I spent some time at the Singapore Conference talking with Gerry from Apo Pharma, makers of the oral iron chelator, Ferriprox (deferiprone, L1). I approached Gerry about an issue that confronts many users of deferiprone, neutropenia (a drop in neutrophils, a type of white blood cell) and how it should be managed. Most doctors will take a patient off deferiprone as soon as neutropenia is present. I asked if this is the correct strategy and was told that it is not. What has been found is that when a patient develops mild neutropenia, ferriprox does not need to be stopped, but instead patients should be closely monitored to see if there is any further drop. Most patients will see a return to normal white cell counts without further intervention in less than two weeks. Defriprone is almost always blamed when a patient experiences a drop in white cells and deferiprone can lead to this, but it is not the only cause and ceasing deferiprone may not be the answer. Even if patients do stop deferiprone while experiencing neutropenia, in most cases they can resume the drug after white cells return to normal. In the more serious Agranulocytosis, which affects about 1% of Ferriprox users, the drug should be stopped and it is risky to resume, as there is a 50% recurrence rate of Agranulocytosis. This is extremely important information concerning neutropenia and patients need to be made aware that a bout of neutropenia does NOT disqualify them from further use of this excellent chelation drug.
Gerry also talked to me about the new oral solution that Apo Pharma has developed and that is now available in some countries and coming to more in the future. Ferriprox oral solution is a liquid form of deferiprone and should be taken 3 times daily. It is suitable for children and has fewer adverse reactions than with use of the tablets, in terms of nausea, stomach pain and vomiting. The reduction in nausea was significant, dropping from 16% with the tablets to 1% with the liquid solution. This is exciting news for patients who have been unable to use Ferriprox because of stomach issues and may be of special significance in a country like Maldives where stomach problems have been a major reason for stopping Ferriprox. Incidence of neutropenia were similar to that with the tabs (6%). Agranulocytosis was found in 2 % compared to 1 % with tabs but this could be due to the relatively low number of patients in the study. The 1% difference may be more of a statistical difference than what will eventually be seen in real use of the solution.

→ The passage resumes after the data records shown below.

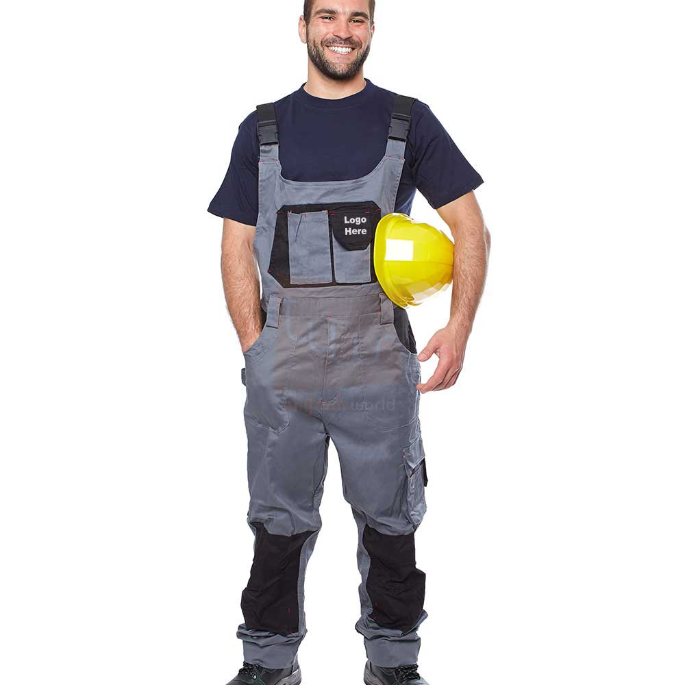 Grey Bib Coverall with Contrast and Multiple Pockets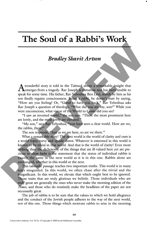 By Bradley Shavit Artson for CJ vol. 52 no. 4, Summer 2000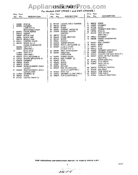 Parts for EWT17PMWR1
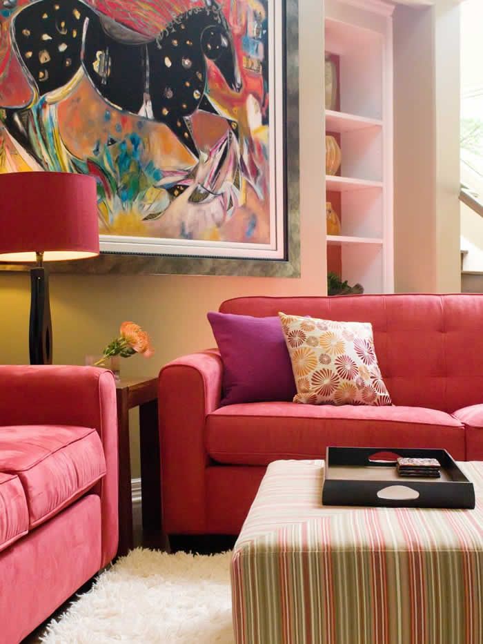 The best way to furnish a living room with a red sofa depends on your decorating style. A red sofa is ideal for a contemporary living room, and the look works best when you mix it with neutrals. For other large surfaces such as walls, window treatments, floors and furniture stick with white, black and white, or a monochromatic range of colors in shades of gray or brown. For a cozy cottage look, combine a red sofa with upholstered chairs, throw pillows and window treatments in a mix of fabric prints. Floral chintz, ticking stripes, checks, plaids and feminine mini-prints are all charming options.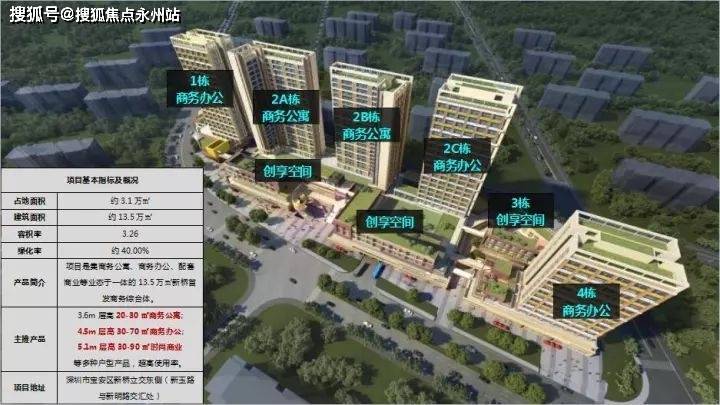 项目共由9栋建筑组成,1栋、2栋C、4栋为 5.1m层高的办公产品,2栋A和2栋B为 3.6m层高的商务公寓;2栋D、E、F和 3栋的 3-4层是 5.1米层高的创享空间,1-2层则为商业。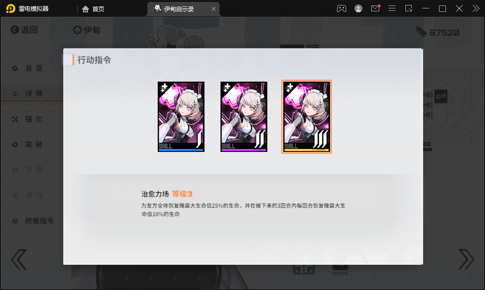 至于养成,《伊甸启示录》和市面上核心向二次元游戏基本大同小异,强化、觉醒、突破、模块基本上该有的都有,抽到的重复角色可以提升角色的「终极指令」效果。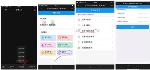 例→方法②:进入“榆林人社”微信公众号→点选“我要办”→点选“社保卡”栏目→点选“社保卡密码修改”(见下图)

Ferriprox oral solution brings one more chelation choice into the world of thalassemia and is a welcome option. I think this will be of special benefit to children whose stomachs could not tolerate the tablet form of Ferriprox and thus will provide cardiac protection that has not been equaled by the other chelators to patients. This is indeed good news, as patients need as many chelation choices as possible as they search for the drug that works best for themselves.